Fig 4. Exogenous treatment of rat primary hippocampal cultures with cytotoxic concentrations of dodecomeric preparations of Aβ (Aβ_dod) results in increased YY1 protein levels and proteolysis.

(A) Western blot analyses of extracts from cells treated with Aβ_dod for 6 hr show an increase in full-length YY1 as well as the appearance of proteolytic cleavage fragments between 35 and 50 kDa at 10 μM but not 300 nM. (B) Densitometric analysis of the full-length 65 kDa YY1 band shows a statistically significant increase in full-length YY1 in cells treated with 10 μM Aβ_dod compared to control (p = 0.04). Comparisons were made using a Student’s t-test. Veh = vehicle, tub = tubulin.

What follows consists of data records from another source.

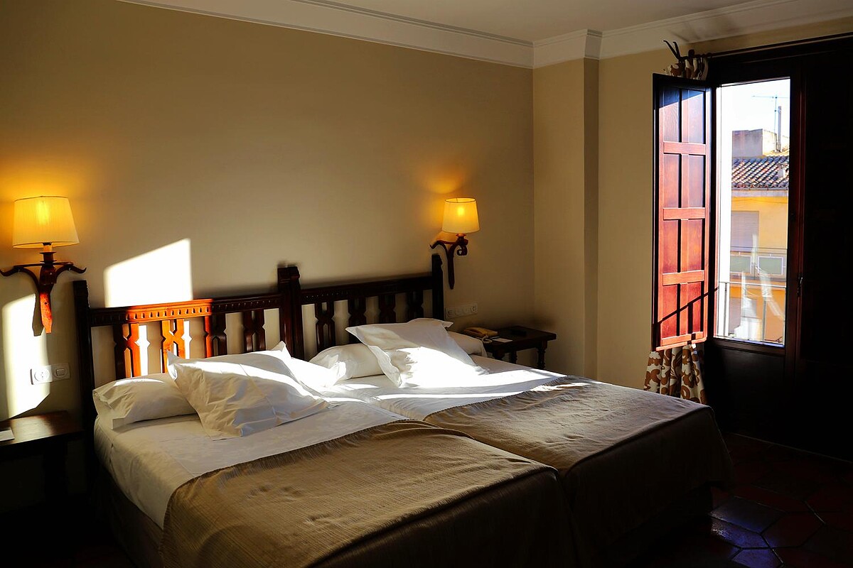 我還特別喜歡他們雕花的石牆、天花板上橫架的古木,以及偶爾出現的中世紀盔甲,還有那戶外的庭園座椅。近看是古董藝術,遠看則是西班牙貴族的生活品味。雖然說自己當不了西班牙的貴族,但是來到這,至少可以花一個晚上的時間,買一個貴族品味的時光和夢想,而這就是旅行最有趣的地方了,不是嗎?
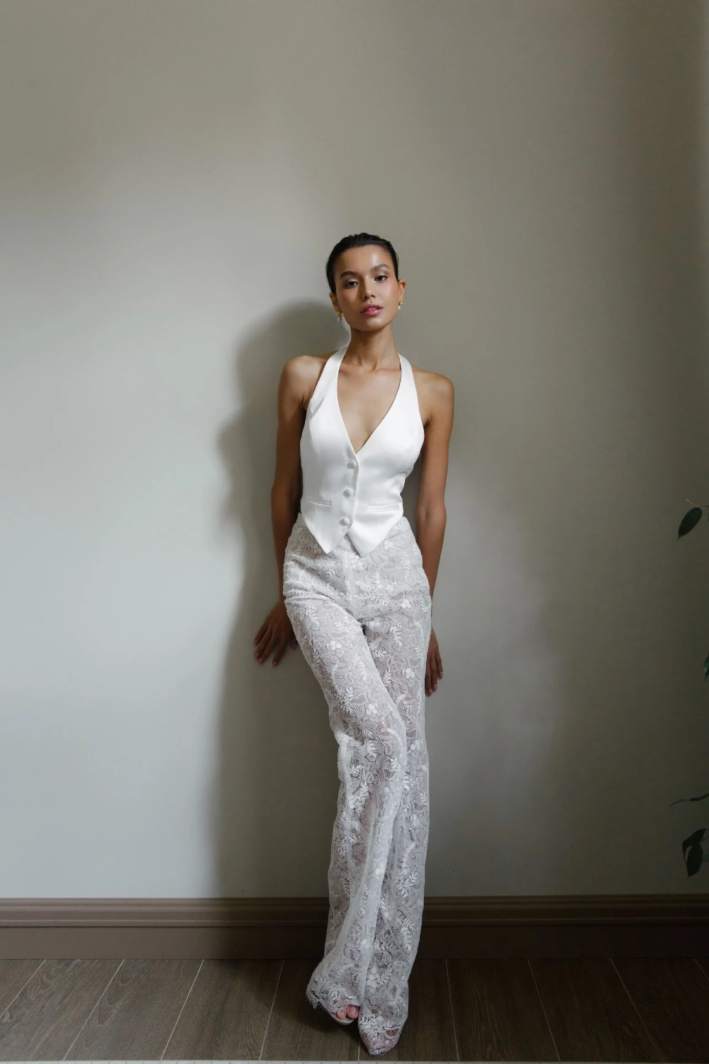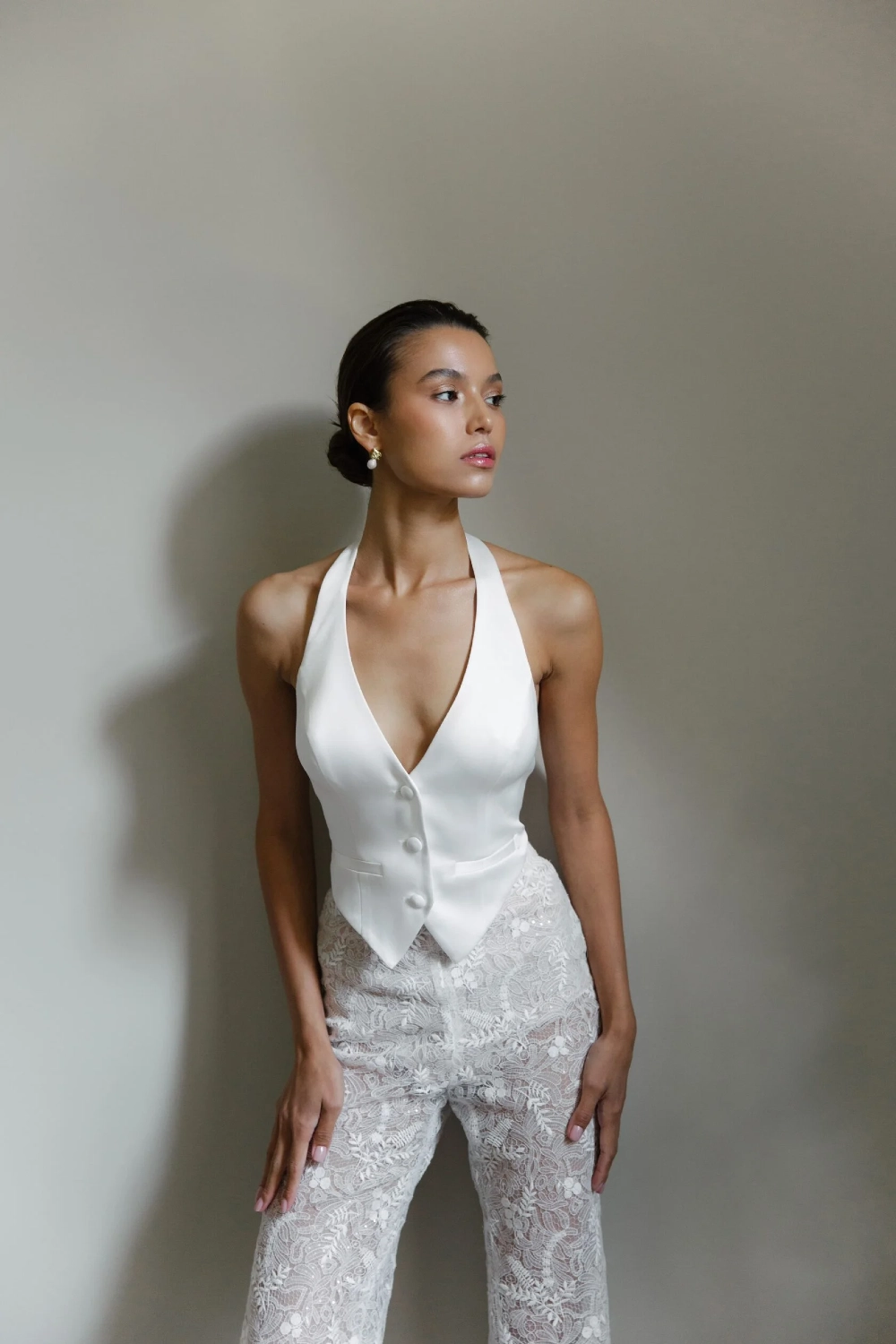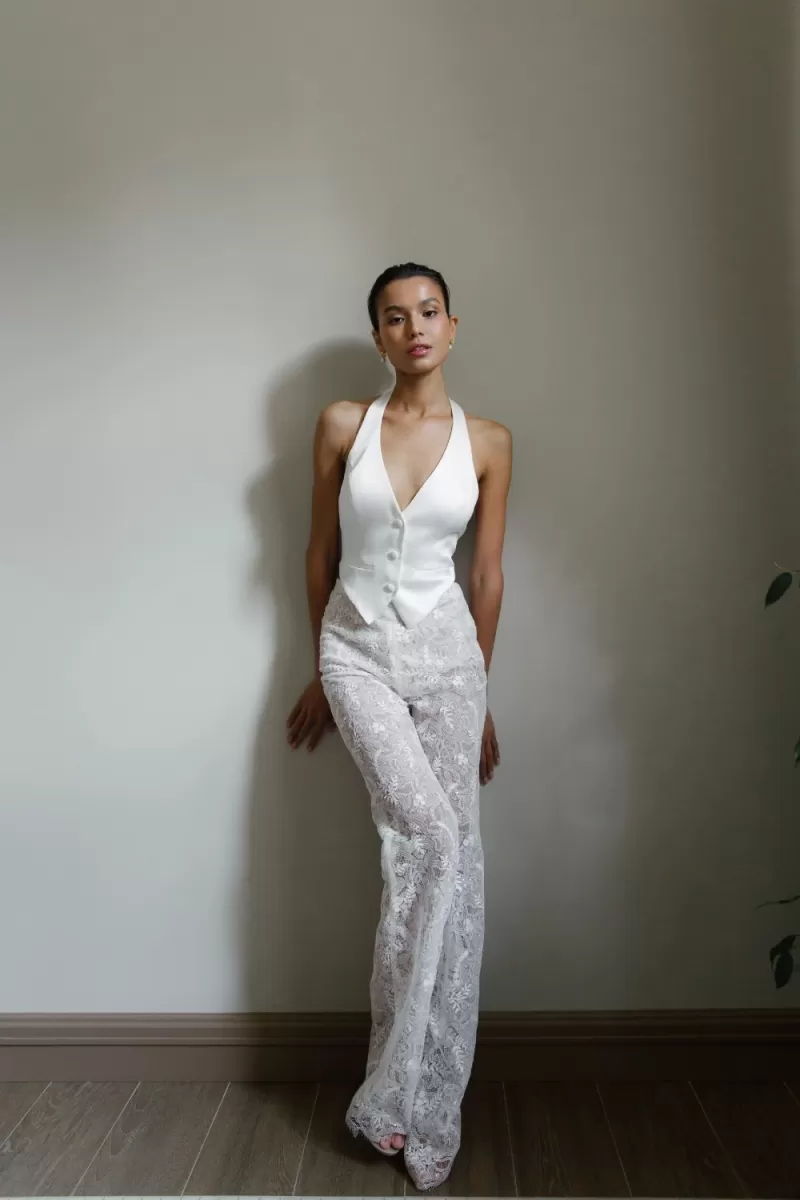 Vest of a fitted silhouette with a central three-button fastener. Along the front there are vertical reliefs passing through the center of the chest. There are imitation pockets in the waist area. It is recommended to combine the vest with Fisba trousers.
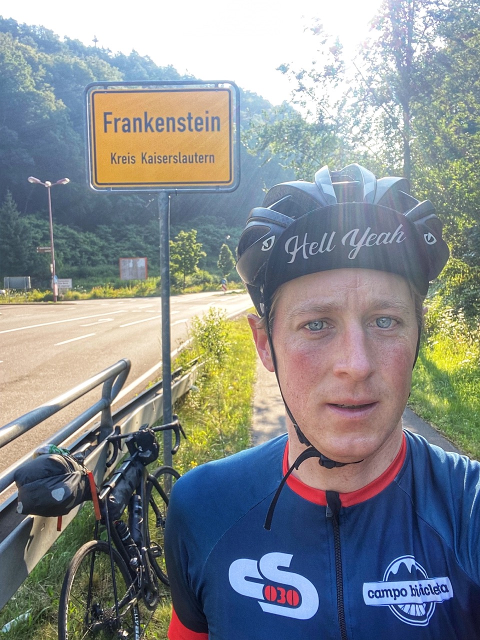 Ondanks dat het hoogte profiel anders doet geloven mag ik met een pittig klimmetje beginnen. Meteen wakker. Ik rij richting en door het Pfälzerwald en heb tot Frankenstein een stukje route die ik vorig jaar met Francien al eens reed. Weinig keuze want door dit bod lopen nu eenmaal weinig wegen.
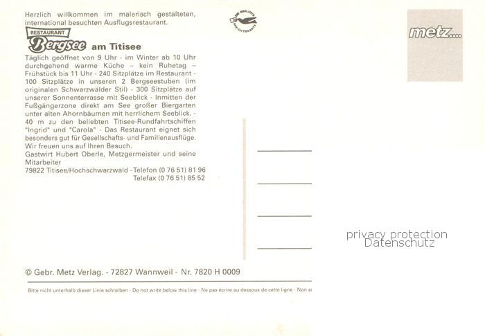73776878 TITISEE Schwarzwald BW Restaurant Bergsee Gastraeume Terrasse Panorama postalisch nicht gelaufen Erhaltung siehe scans [WerneD78] Wern Katcode 11110008315113
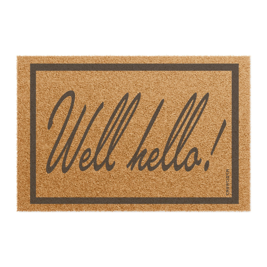 CASACIRCA ENTRYWAY | WELL HELLO | BLEACHED RED | Stylish Doormat, Entryway Rug, Modern Home Decor, Indoor Outdoor Mat, Gift for New Homeowners, Housewarming Decor

Fig 5. Increase in p300 acetyltransferase activity in moderate (mAD) and severe AD (sAD) cases.

Immunohistochemistry and immunofluorescence analyses of phosphor-Ser1834-p300 (p-p300) on paraffin sections from the hippocampal area CA1 of human brains from control (Ctrl) (A, D), moderate AD (mAD) (B, E) and severe AD (sAD) (C, F) show cytoplasmic granular labeling resembling granulovacuolar degeneration in pyramidal neurons (B, C, E, F; arrows) in AD tissue, which co-localize with phospho-tau (p-tau) in ~95% of p-p300-positive neurons (E, F; arrows). p-p300-positive threads (A, D, arrowheads) are also observed in affected tissue. Controls are negative for p-tau and p-p300 (A, D). (G) Immunoblots of nuclear and cytoplasmic fractions of temporal neocortex (BA38) from Ctrl, mAD and sAD cases show an increase in Ac-Lys382-p53 (Ac-p53) in AD (n = 7, mAD+sAD) compared to control (n = 5) in both fractions. Quantification using densitometric analysis reveals a significant increase in Ac-p53 in nuclear (H, p = 0.002) and cytoplasmic (I, p = 0.001) fractions compared to controls. (J) Immunoblots of whole tissue extracts from BA38 from Ctrl, mAD and sAD cases also show a significant increase in Ac-Lys14-Histone 3 (Ac-H3) in mAD (n = 7) and sAD (n = 6) compared to Ctrl (n = 7). (K) Quantification reveals a statistically significant increase in Ac-H3 in mAD (p = 0.004) and sAD (p = 0.0003) compared to control. Comparisons were made using a Student’s t-test. Control case 4 is a statistical outlier, more than 3 standard deviations above the mean, and was excluded from the analysis. (A–C) Scale bar = 50 μm, (D–F) scale bar = 50 μm.

Fig 6. ZMYM3 protein level significantly decreases in severe AD cases.

(A, B) Representative immunoblots using nuclear fractions from temporal neocortex (BA38) (A) and hippocampal area CA1 (B) show a decrease in the levels of ZMYM3 in severe Alzheimer’s disease (sAD) compared to control (Ctrl) and moderate Alzheimer’s disease (mAD). (C, D) Densitometric analyses of the 70 kDa band shows a significant decrease in ZMYM3 in severe AD cases in BA38 (n = 8; p = 0.0009) and CA1 (n = 6; p = 0.004) compared to controls in BA38 (n = 9) and CA1 (n = 7). Comparisons were made using a Student’s t-test.